Но солдат в сбившейся на строну папахе, с вин­товкой за плечом, с глазами пустыми и остановивши­мися, встал перед вагонами, зверски закричав: «Тебе есть, а мне нету?! Я в окопах вшей меньше твово кормил?! Кады сюды везли, находились, а теперь ме­стов нету?!»; и он так стоверстно заматерился, что в вагоне все расхохотались: «вот эт-тык занозил!». Он лезет на людей, через тела, через головы и все пони­мают, что раз «слободно для всех», то и он «должен получить место».

Снег кружится крупными хлопьями, занес обледе­нелые рельсы, облепил теплушки, тяжелые колеса ва­гонов. Фронтовикам не терпится, они залезли не толь­ко на вагонные крыши, но и на тормоза, сидят даже верхом на единственной в составе нефтяной цистерне. С крыш, с цистерны, с тормазов хрипло, простуженно угрожают машинисту: «Крутиии, Гаврилааа!», «На-варачивааай!». Им хочется скорей вглубь взорванной распадающейся России и оттого, что поезд всё еще стоит, они срамословят, поминая Бога, душу, доску, гроб, мать; во всех них живет отчаянье дикого без-удержа, которое они везут в города и деревни, с ко­торым растекутся по всем просторам России.

Наконец, против косо несущего снег ветра, этот перегруженный, в белом снегу поезд трогается. И си­дящие у раскрытых дверей сразу разноголосо запевают всё ту же любимую песню русского неизвестного сол­дата:

«Хорошо тому живется – слушать ласковы слова,

Посидел бы ты в окопах, испытал бы то, что я…».
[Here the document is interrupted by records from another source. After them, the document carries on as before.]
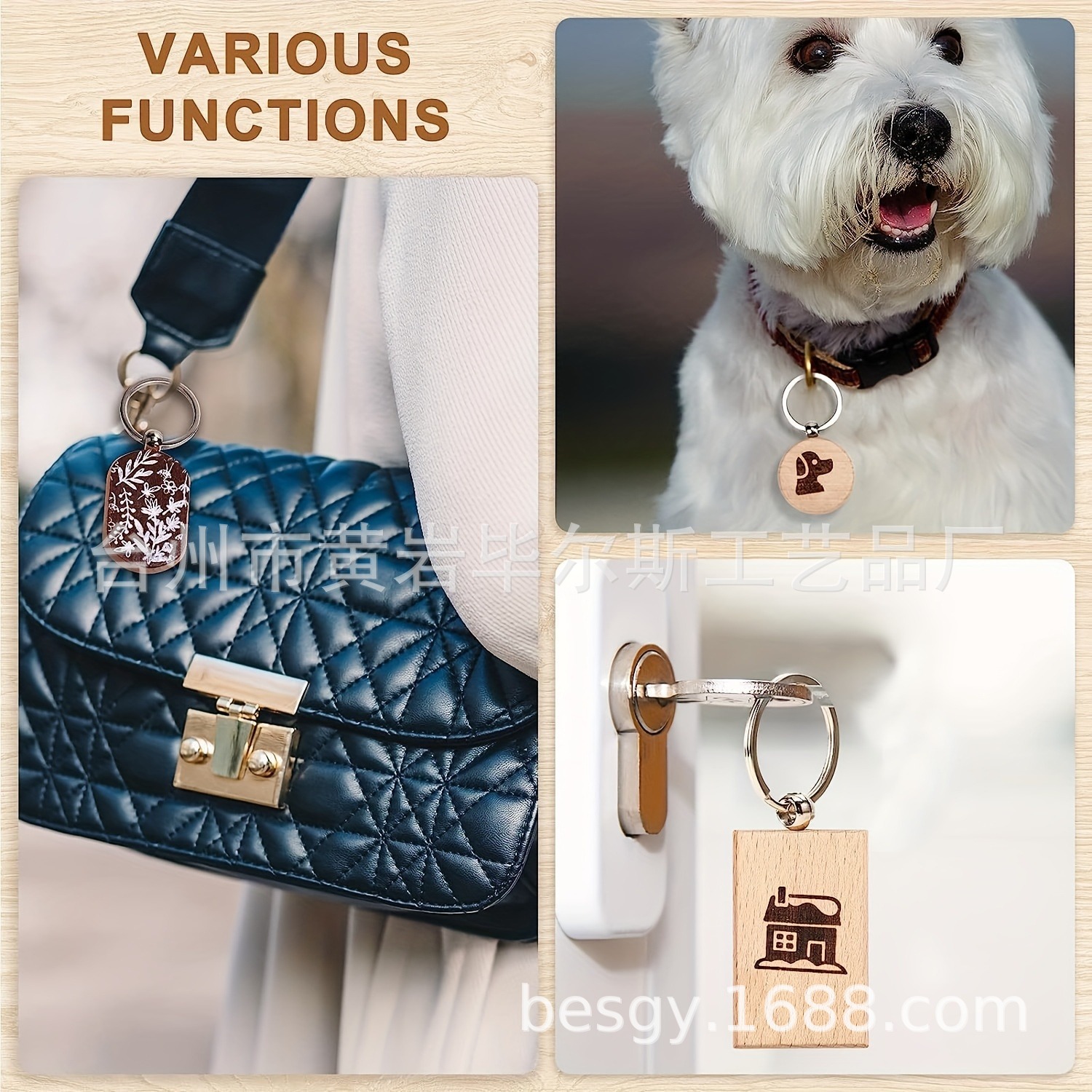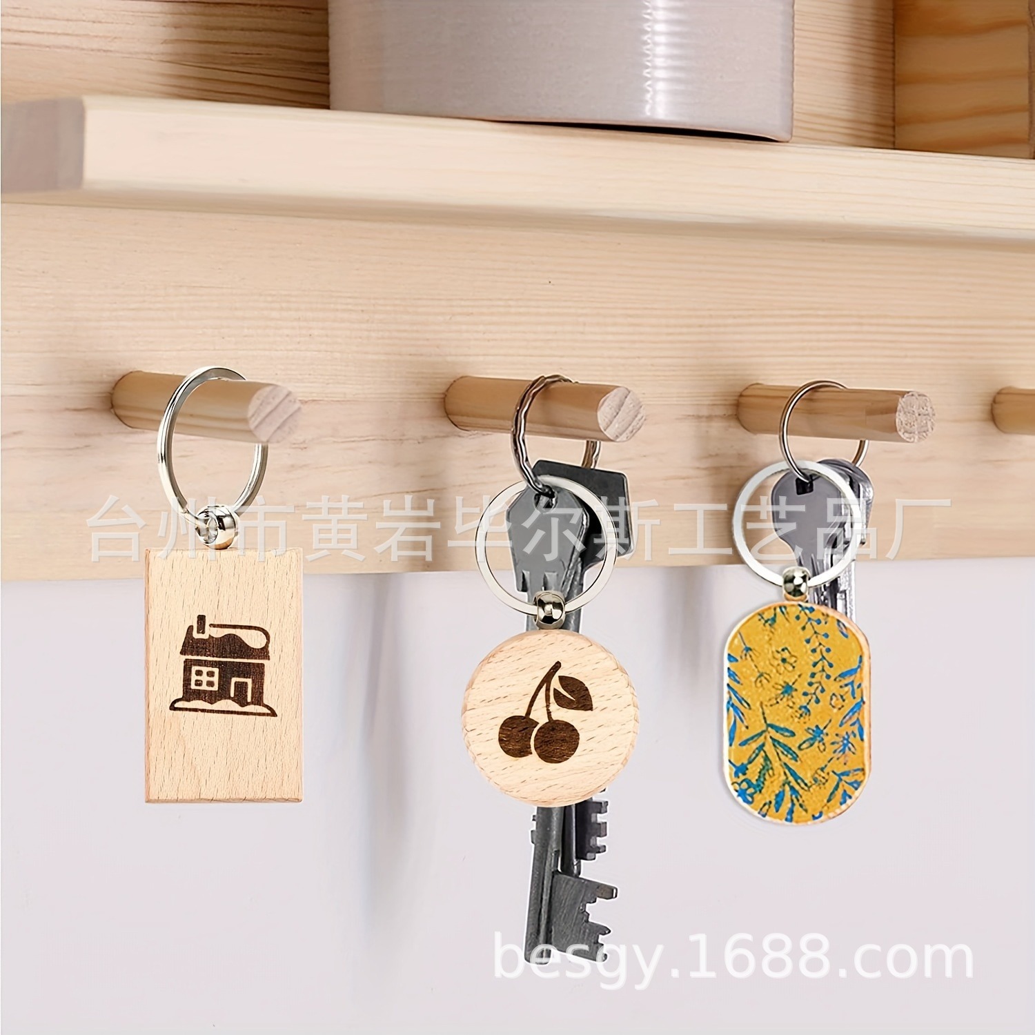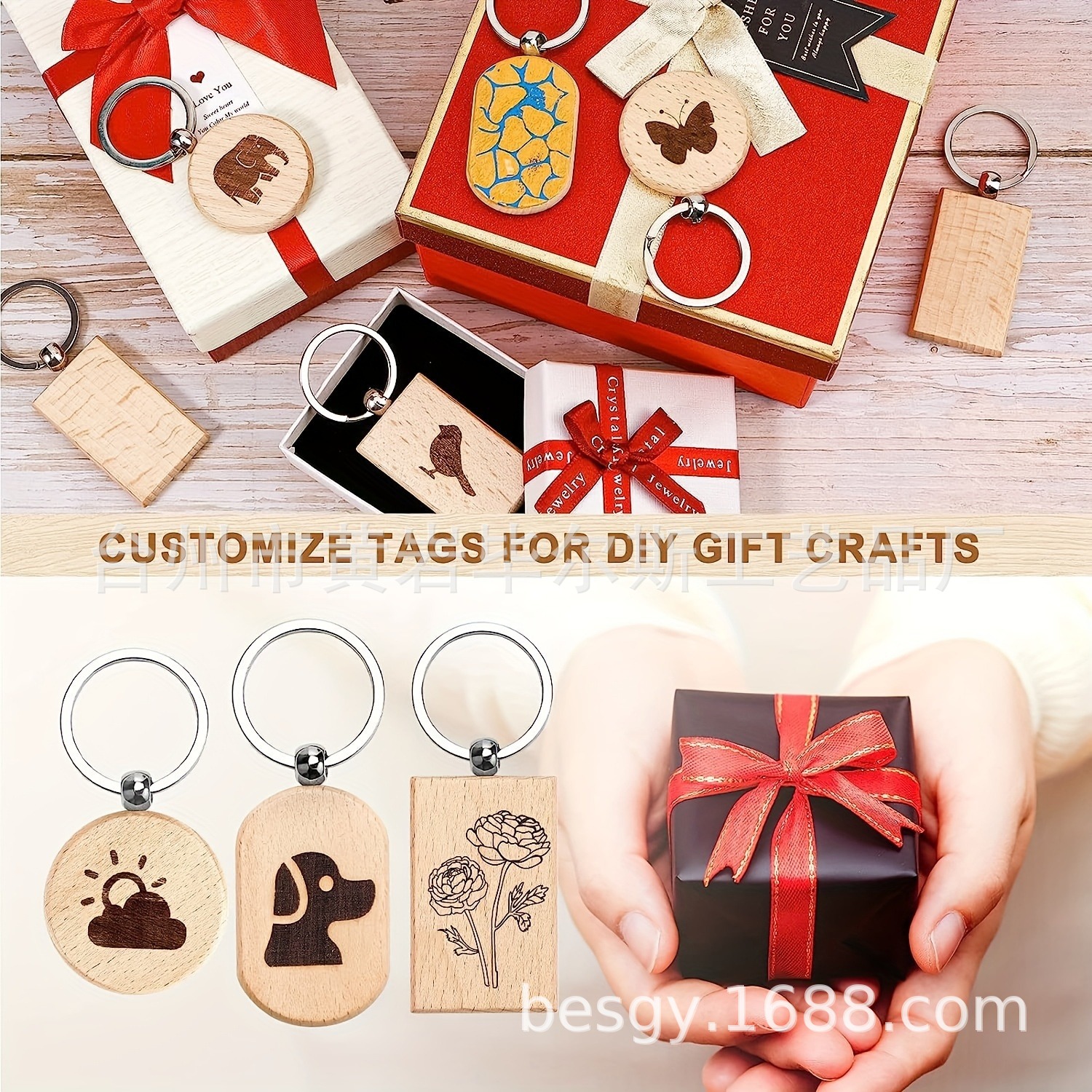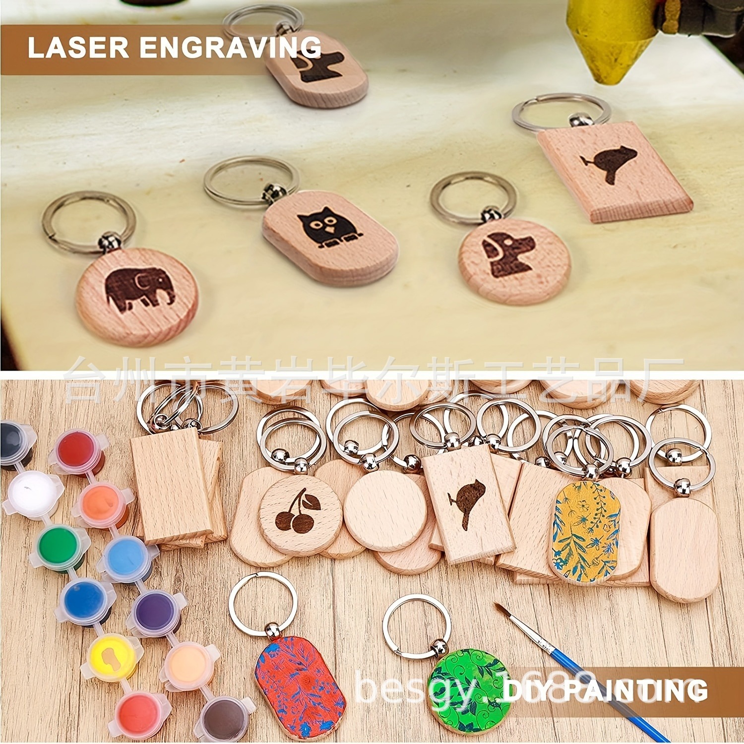 cross-border amazon hot sale 30 pieces beech keychain 3 shapes combination laser engraving round rectangle
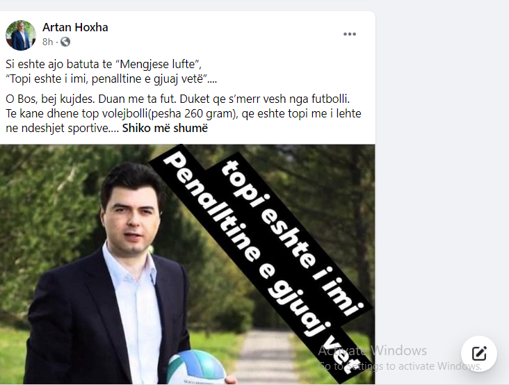 Postimi i plotë i Hoxhës: Si eshte ajo batuta te “Mengjese lufte”: “Topi eshte i imi, penalltine e gjuaj vetë”….O Bos, bej kujdes. Duan me ta fut. Duket qe s’merr vesh nga futbolli. Te kane dhene top volejbolli (pesha 260 gram), qe eshte topi me i lehte ne ndeshjet sportive. Ky top peshon gati 2 here me pak, se topi i futbollit (pesha 450 gram). Kur e gjuan penalltine me topin qe mban ne dore ti, e sigurte qe fluturon mbi porte…Nga nje mik qe ta do te miren. Te lutem anonim. Se çfare nuk pret nga keta, qe luajne me top basketbolli (pesha 650 gram). E sigurt qe nuk u del topi jashte porte, plus te blejne dhe portierin.
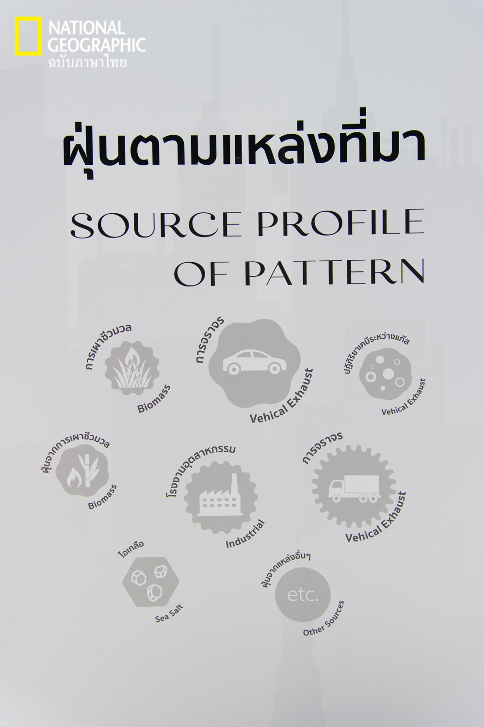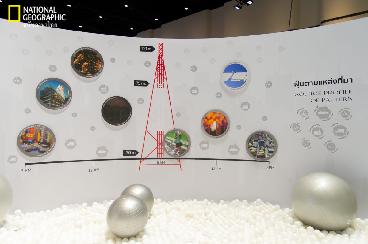ไฮไลท์ของนิทรรศการนี้คือ การนำเสนอ “ฝุ่นเมือง” ทั้ง 6 แบบ ได้แก่ 1. Midnight Particle Patterns หรือเรียกว่า “ฝุ่นหลังเที่ยงคืน” / 2. Inversion Particle Patterns หรือ “ฝุ่นอุณหภูมิผกผัน” ที่เรามักเรียกกันว่า “ฝุ่นฝาชีครอบ” / 3. Transboundary Particle Patterns หรือฝุ่นจากการเคลื่อนที่ระยะไกล / 4. Secondary Particle หรือ Photochemical Particle Patterns หรือฝุ่นทุติยภูมิ / 5. Mixed Particle Patterns ซึ่งเป็น ฝุ่นรูปแบบผสมผสาน / 6. Unpattern หรือ ฝุ่นไม่มีรูปแบบ

Я еду в Пензу. Солдат, мой сосед, с прожелтевшим больным лицом, тронутым оспой, спит, тяжело навалившись на меня, от него пахнет самогоном. Ва­гоны мучительно качаются, дергаются; паровик сви­стит куда-то в снеговые пространства, словно зовя на помощь. Так весь день прорывается он сквозь стылые бело-полотняные снега, туда, вглубь России. А когда падает темнота, в устало мотающихся вагонах люди тяжело засыпают. И в ночной темноте поезд идет чер­ный, невидимый, кроме озаренных паровозной топкой кочегара и машиниста.

Лежа в углу верхних нар, я не могу заснуть, думаю о том, о сем, почему то вспоминаю довоенную Пензу, как после обеда в четыре часа ежедневно гуля­ли пензяки по левой стороне Московской улицы. Гуля­ли именно по левой, а не по правой, в этом была какая-то тайна движения гуляющих пензяков. Здесь обяза­тельно промоционивается засидевшийся губернатор, бритый балтийский немец фон-Лилиенфельдт-Тоаль идет с палкой, находу развевая красную подкладку ши­нели. Тепло одетый, с квадратной бородой, в пенсне, гуляет безобидный председатель управы князь Кугушев. Степенно и отдыхающе движутся дамы в караку­левых шубах, опираясь на руку мужей. Тротуар затоп­лен зелеными, коричневыми, синими форменными юб­ками гимназисток; с папками «Мusique» топочат по снегу опушенными ботиками, спешат в музыкальную школу. Похулиганивают гимназисты, реалисты. Гим­назисток нагоняют офицеры-драгуны в ослепительных канареечных фуражках, в длинных до пят шинелях с разрезами до талии, идут с бормотанием шпор, с громом сабель по обледенелому тротуару. Им невольно дают дорогу скромные зеленые канты землемеров, са­доводов и техников; за обилие учебных заведений шут­ники называли Пензу «мордовскими Афинами».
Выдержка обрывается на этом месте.